* _YOUR ASSIGNMENT_:
Would you return exactly the lines below from the line with "Ce buffet‑commode en" through the line with "新北市環保局發行「環保小局長", both included, and nothing else, leaving out the pictures?

* _DATASET ENTRIES_:
···
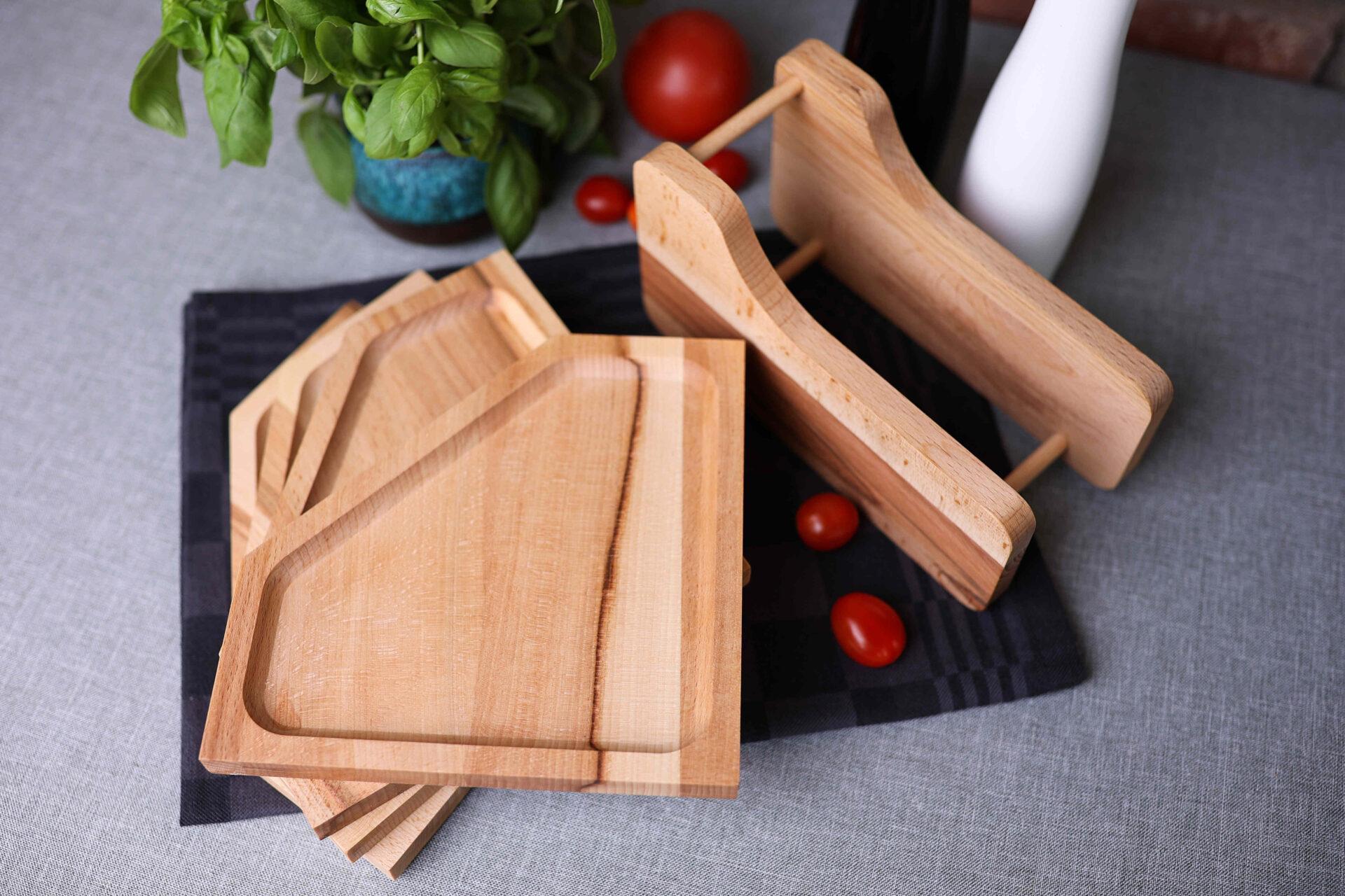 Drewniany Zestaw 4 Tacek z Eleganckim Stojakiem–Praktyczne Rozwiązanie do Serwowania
···
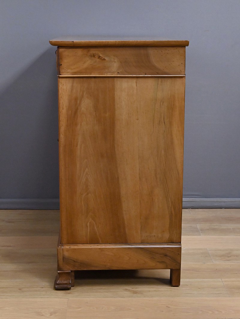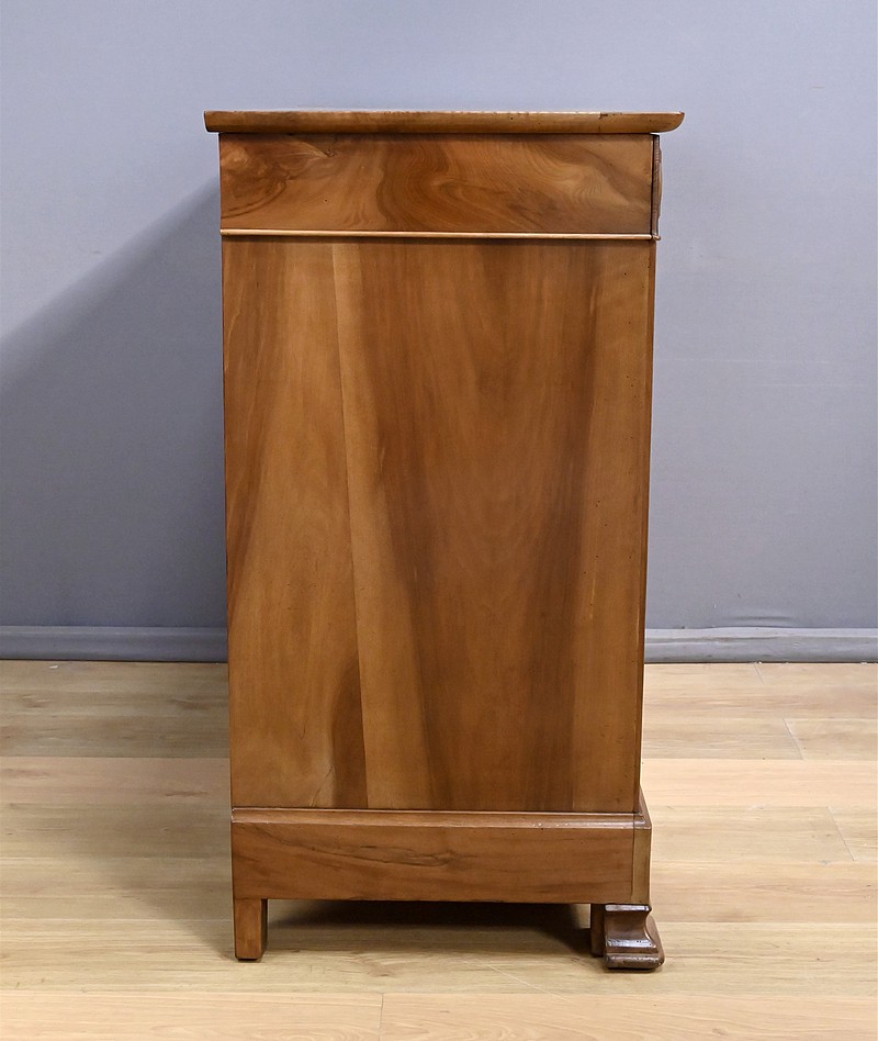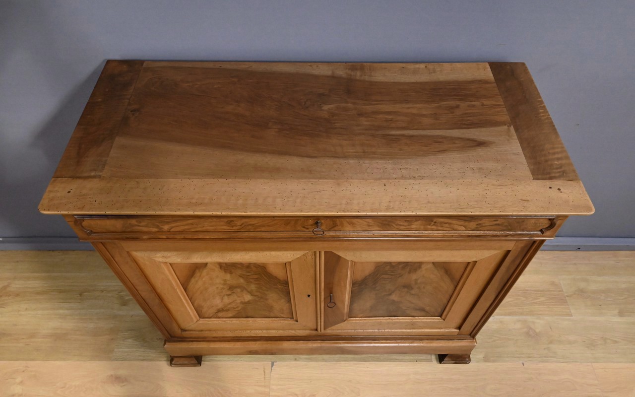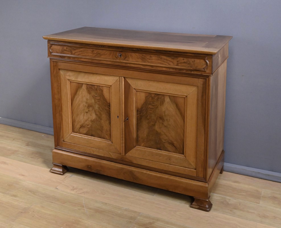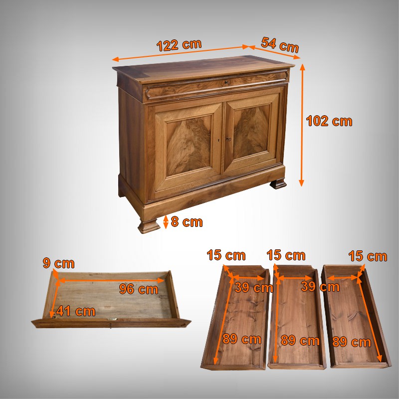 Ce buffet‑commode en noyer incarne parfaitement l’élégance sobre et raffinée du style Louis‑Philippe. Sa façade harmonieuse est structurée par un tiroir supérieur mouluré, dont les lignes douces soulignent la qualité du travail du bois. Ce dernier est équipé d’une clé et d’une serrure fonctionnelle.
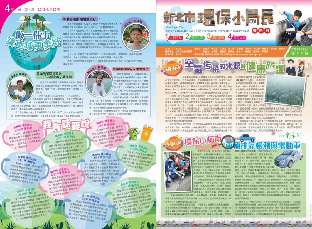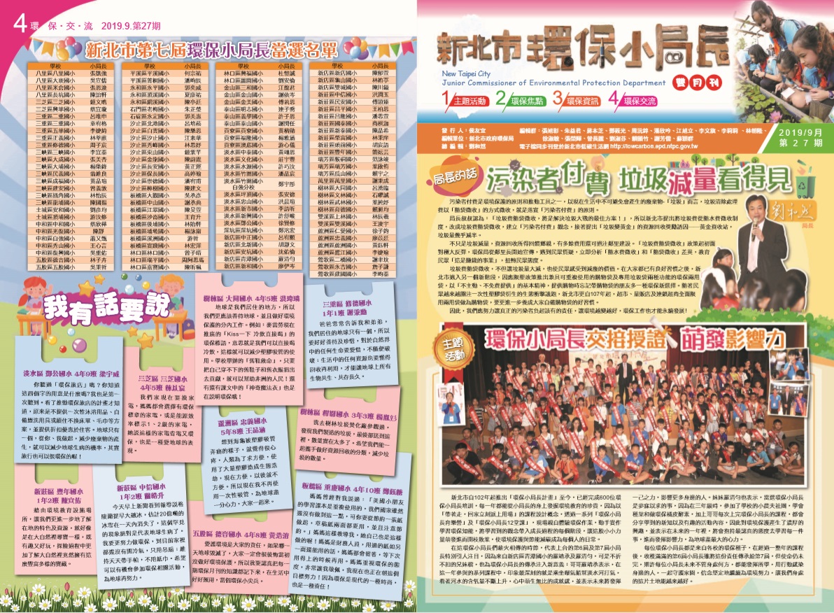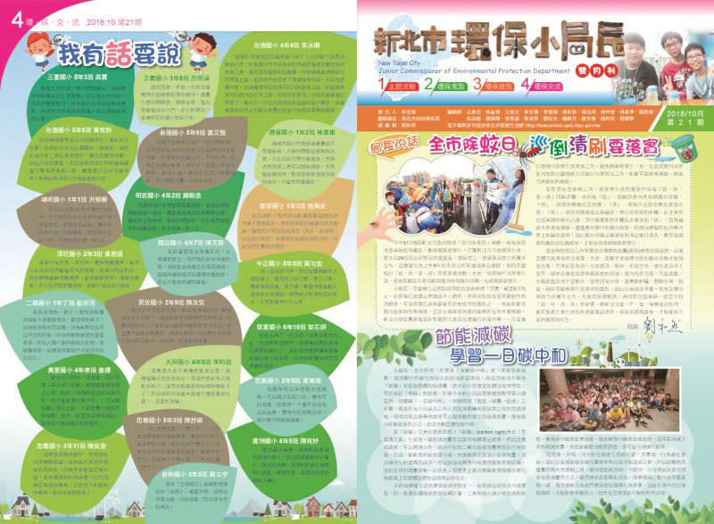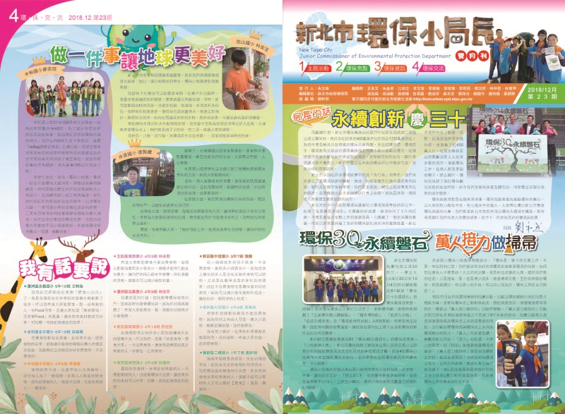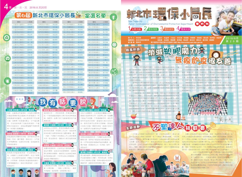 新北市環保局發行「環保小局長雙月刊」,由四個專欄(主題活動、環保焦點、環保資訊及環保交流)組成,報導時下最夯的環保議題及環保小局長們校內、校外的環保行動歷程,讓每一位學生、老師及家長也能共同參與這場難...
···
* _ANSWER SPACE_:
 Ce buffet‑commode en noyer incarne parfaitement l’élégance sobre et raffinée du style Louis‑Philippe. Sa façade harmonieuse est structurée par un tiroir supérieur mouluré, dont les lignes douces soulignent la qualité du travail du bois. Ce dernier est équipé d’une clé et d’une serrure fonctionnelle.
 新北市環保局發行「環保小局長雙月刊」,由四個專欄(主題活動、環保焦點、環保資訊及環保交流)組成,報導時下最夯的環保議題及環保小局長們校內、校外的環保行動歷程,讓每一位學生、老師及家長也能共同參與這場難...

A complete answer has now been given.